» SUPPLIED DATA:
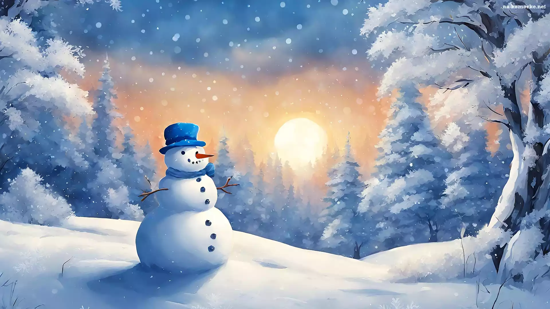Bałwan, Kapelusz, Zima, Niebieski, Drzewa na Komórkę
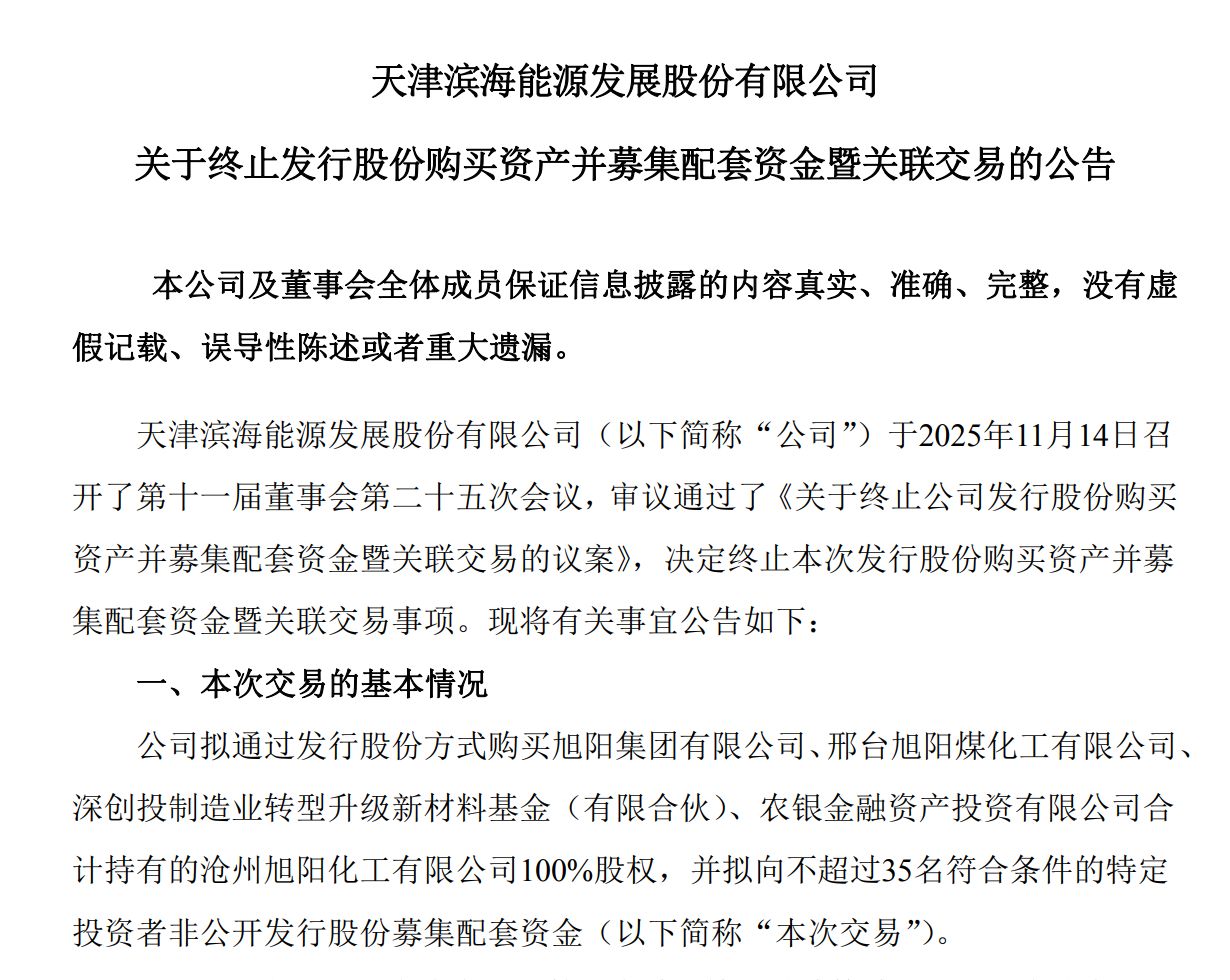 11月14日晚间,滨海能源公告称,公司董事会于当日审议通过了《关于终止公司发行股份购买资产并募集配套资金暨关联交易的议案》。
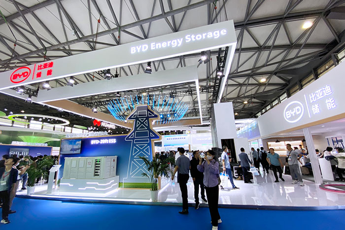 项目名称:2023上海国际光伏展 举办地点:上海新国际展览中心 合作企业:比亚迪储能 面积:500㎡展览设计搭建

» WHAT IS REQUIRED:
Apart from the pictures, every line above must be repeated exactly.

» ANSWER BOX:
Bałwan, Kapelusz, Zima, Niebieski, Drzewa na Komórkę
 11月14日晚间,滨海能源公告称,公司董事会于当日审议通过了《关于终止公司发行股份购买资产并募集配套资金暨关联交易的议案》。
 项目名称:2023上海国际光伏展 举办地点:上海新国际展览中心 合作企业:比亚迪储能 面积:500㎡展览设计搭建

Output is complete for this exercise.